Laboratoire LENREZA, Université Kasdi Merbah-Ouargla, 30000 Ouargla, Algérie
2.
Département Automatique et électromécanique, Faculté des sciences et technologie, Université de Ghardaia

Received: 25 November 2020 Accepted: 25 November 2020 Published: 22 December 2020

The structural and electronic properties of the Ni-doped SrTiO₃ have been study by using the full-potential (Linearized augmented plane-wave method (FP-LAPW) within density functional theory (DFT).
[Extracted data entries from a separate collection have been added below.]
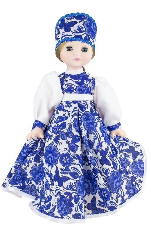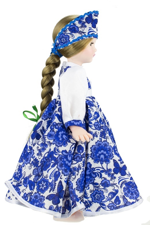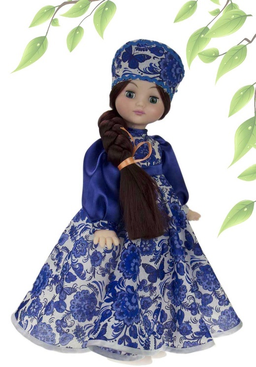 Кукла Василина гжель из коллекции «Русские красавицы» классическая кукла: тело, ноги из пластика, голова, руки из мягкого пластизоля, глазки-моргалки, волосы длинные прошитые. Прекрасные волосы убраны в шикарную косу. Кокошник и платье с принтом в стиле хохломских узоров.
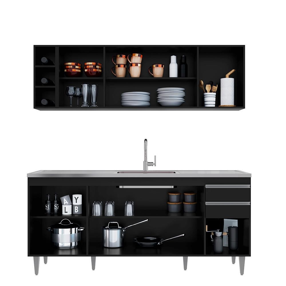 Conjunto Balcão de Cozinha para Pia Apex Armário Aéreo MDP/BP Preto G96 - Gran Belo
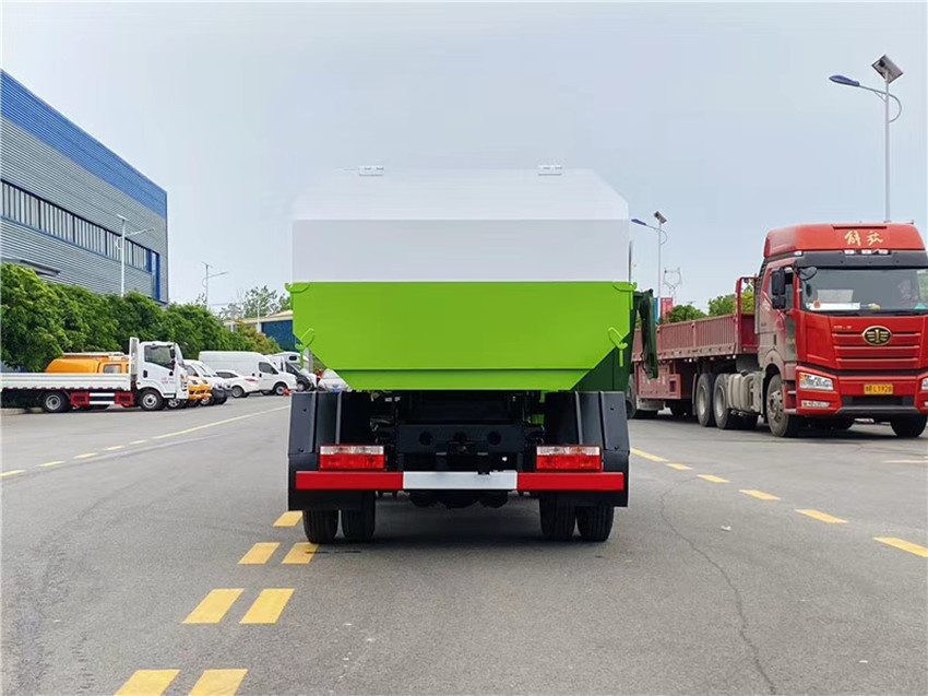 容積4~5立方米,邊三底四碳鋼材質,國產液壓系統,雙杠液壓舉升自卸,駕駛室外操作,掛桶提升機構,后門液壓開啟。

We employed the generalized gradient approximation (GGA) and modified Beck-Johnson (mBJ) GGA. The calculated band gaps are found to be decreased with the increase in In concentration. The mBJ-GGA band gaps are very close to experimental values as implemented in the WIEN2k simulation code. We studied the electronic properties of SrTiO₃ and effect doping Ni on its. This study revealed that Ni doping of SrTiO₃ had a significant impact on the structural and electronic properties of SrTiO₃, and its structural stability can be improved by Ni doping SrTiO₃. The band gap of SrTiO₃ is 2.857 eV and 1.078 eV for SrNi_0.125Ti_0.875O₃.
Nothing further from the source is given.